I have a repo (http://cvmfs0-psu0.galaxyproject.org/cvmfs/data.galaxyproject.org) that I’ve just uploaded a few fresh TB of data to. I then noticed that some of the files were missing global read permissions, but an in-transaction chmod is taking days because some of the affected files are > 1 TB and it appears that the entire file has to be pulled into the publisher cache in order to perform the chmod (pretty surprising and how does this work when the file size is >> cache quota?).¹
I started investigating catalog hacking to fix this. I located the correct catalog and am able to adjust the mode, but this changes the catalog hash, so I’d need to hack the parent catalogs up to the root, modify .cvmfspublished, and sign it, if I understand everything correctly.
I am sure this is a bad idea and definitely the wrong way to go about it, but I don’t see a cvmfs_swissknife command to do this more properly. Ultimately I’ll probably just let the chmod run to completion, but it’d be nice to know if there’s an alternative.
¹ As to how we’ll actually be able to use TB-order files on clients when it’s this slow to read, I haven’t been able to verify yet but I think it won’t be so problematic since these giant files are indexed and the tools that read them perform byte range requests, which CVMFS performs quite well at.
This will only do a chown, correct? I need to do a chmod.
EDIT: saw your edit. I did look at it before to see if I could adapt it to perform a chmod, but under the hood it’s just calling cvmfs_swissknife migrate with its corresponding uid and gid map options, so I’d have to tear apart cvmfs_swissknife migrate itself in order to potentially implement this.

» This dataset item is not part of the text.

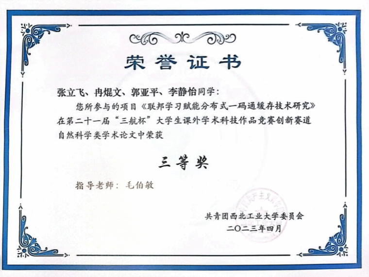 张立飞,bevictor伟德官网2021级本科生,共青团员,SC022101班,现保研至bevictor伟德官网。曾多次荣获校二等奖学金、优秀老员工等荣誉称号。曾带队获得国家级大创良好结题1项,三航杯校级三等奖1项,铜奖1项,授权软著1项,国际会议论文1篇。

Probably a lot will depend on the access patterns. If a lot of jobs are reading the same blocks of the files and they don’t read too many GB each, and especially if the reading is spread out over the life of the jobs, it could be OK. If jobs are reading different data or doing only partial sharing that could be a big problem. If there’s partial sharing, the CVMFS external server feature might be the way to go, using caches with high speed file servers the way the OSG Data Federation does it.